Аскет

Алексей Смехов
Ты же, сын мой, … скрыв святые истины во глубине души, как единообразные, тщательно храни оные от людей непосвященных; ибо, по учению Писания, не должно бросать пред   свиниями чистого, светлого и драгоценного украшения умных маргаритов.
                Дионисий Ареопагит, «О небесной иерархии».

Знатоки истории нашего города любят рассказывать о знаменитых философах и религиозных мыслителях, преподававших в нашем университете или подвизавшихся в нашем монастыре. И рассказать вроде есть о ком, но если разобраться, то вроде и нет. Конечно, бывали в городе и мастер Иоганн, и фон Больштедт, и еще много кто бывал, да только не подолгу: даже не все их биографы считают нужным об этом упоминать.

Однако есть в Арской хронике одно свидетельство, незаслуженно обойденное ленивыми и нелюбопытными нашими историками. В 1265-м году, когда вся Европа искала по сусекам недобитых еретиков, свободно, кстати, разгуливавших по Италии и Балканам, один такой нашелся в наших местах.

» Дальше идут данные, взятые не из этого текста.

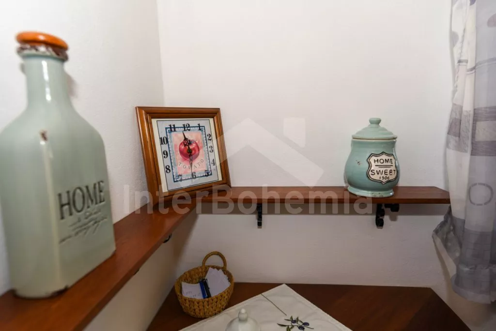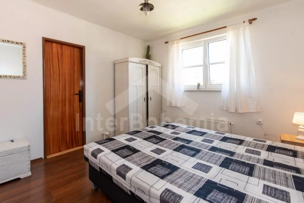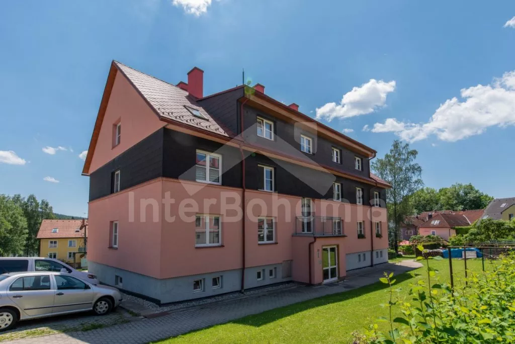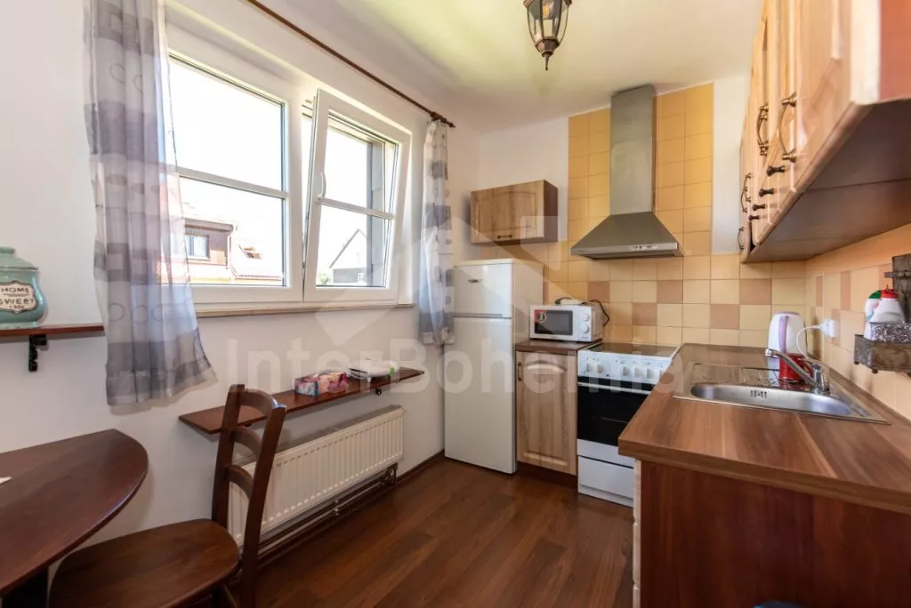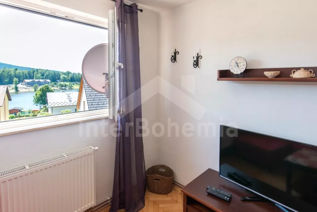 Moderně zařízený apartmán ve druhém patře bytového domu s výhledem na Lipno. Kompletně vybavená kuchyně s elektrickým sporákem, troubou, mikrovlnnou troubou, lednicí, mrazákem, rychlovarnou konvicí a nádobím. Obývací pokoj s pohovkou (extra dvoulůžko) a LCD televizí. Jídelna se stolem po 4 osoby. Dvě samostatné ložnice. První ložnice s dvoulůžkem. Druhá s jednolůžkem rozložitelným na dvě lůžka. Koupelna se sprchou ve vaně a umyvadlem. Samostatné WC. Vytápění objektu centrálně. Hosté mají k dispozici uzamykatelnou kolárnu. Parkování před objektem.

Веком раньше сей факт не вызвал бы ни удивления, ни столь жестокого преследования, но теперь каждый процесс был событием, поэтому участь брата Теофана была предрешена.

Личность Теофана устанавливается просто. Имя его – греческое, и сам он говорил о себе как о греческом монахе. И есть в городе один род, в те времена богатый и причастный магистратуре, семейное предание которого рассказывает о молодом человеке, принявшем постриг у схизматиков.

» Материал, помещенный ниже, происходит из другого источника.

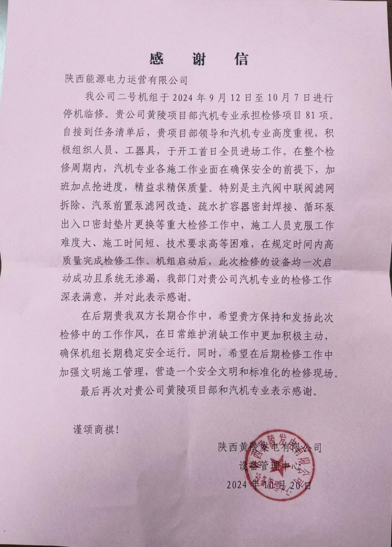 10月20日,黃陵項目部收到業(yè)主發(fā)來的感謝信,對項目部高質(zhì)量完成#2機組臨修工作給予高度認可。
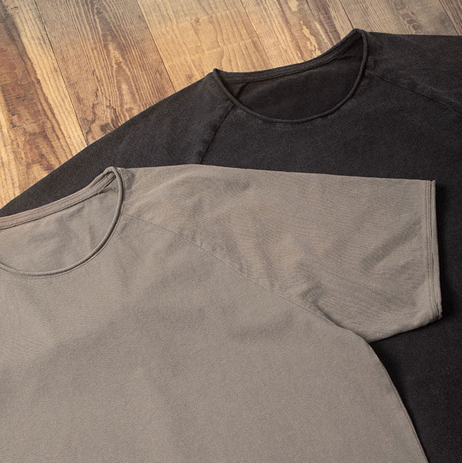 Double Seam 洗水做旧复古宽松短袖T恤圆领插肩袖卷边抄色纯棉
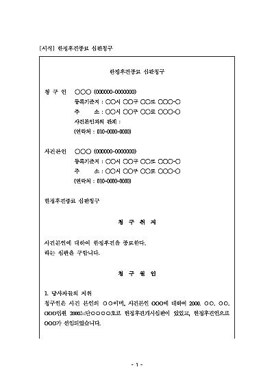 주요내용 질병, 장애 등으로 정신적 제약이 있던 사람이 회복되어 사무 처리 능력이 회복되거나, 사망, 후견인 변경 등으로 한정후견 제도의 필요성이 사라졌을 때 그 종료를 구하기 위한 목적으로 사용되어지는 청구서 양식임단 무단전재 방지목적으로 PDF 파일로 올리니구매하신 후 혹 원본 파일이 필요하신 분들은 톡이나 문자메일전화 등을 주시면 작성방법 등에 대한 간단한 무료상담과 함께 원본 파일을 보내드리도록 하겠습니다.

Ценкеры – так этот род зовется и поныне – укоренились на Леванте после четвертого крестового похода и были связаны со двором Латинского Императора. То были купцы, столь же жестокие и мстительные, как и венецианские. Теофан при крещении получил имя Мартин, и, как первенец в семье Клавдия Ценкера, стал наследником всего семейного гешефта. В отличие от рыцарей, готовых делить свой амбар и свою пустошь между целым выводком лентяев, купцы твердо держались майората.

Когда Мартину исполнилось двенадцать, отец впервые взял его в Константинополь. Из Риеки Ценкеры отправились морем. Огромный рундшиф, столь непривычный для весельного Средиземноморья, шел медленно, и молодой Ценкер успел за период плавания научиться азам греческого, попробовать спирт и лишиться девственности. Ценкер-старший проводил свое время не менее содержательно.

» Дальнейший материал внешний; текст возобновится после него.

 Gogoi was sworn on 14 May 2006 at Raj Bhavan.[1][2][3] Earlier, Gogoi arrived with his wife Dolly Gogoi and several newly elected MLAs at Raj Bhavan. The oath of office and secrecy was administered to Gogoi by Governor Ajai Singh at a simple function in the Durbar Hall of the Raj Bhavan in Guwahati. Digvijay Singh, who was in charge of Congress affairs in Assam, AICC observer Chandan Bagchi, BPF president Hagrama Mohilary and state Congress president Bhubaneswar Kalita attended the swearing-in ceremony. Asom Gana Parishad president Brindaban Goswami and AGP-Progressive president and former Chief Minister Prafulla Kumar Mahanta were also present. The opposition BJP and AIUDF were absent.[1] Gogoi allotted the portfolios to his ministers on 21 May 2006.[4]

Уже в Эгейском море корабль застигла буря. Рангоут был поврежден, и с импровизированной мачтой судно причалило в первой же гавани. Ею оказался Афон. Здесь отец Мартина каким-то образом поссорился с экономом Ватопедского монастыря, причем речь шла о немалой сумме. Местный владетель, однако, Клавдию не помог, и тот подался в Константинополь, не исправив повреждений.

Там Ценкер-старший два месяца осаждал Императора и, в конце концов, получил нужный эдикт. Но за это время сам подхватил лихорадку, поэтому за деньгами на Афон отправился юный Мартин.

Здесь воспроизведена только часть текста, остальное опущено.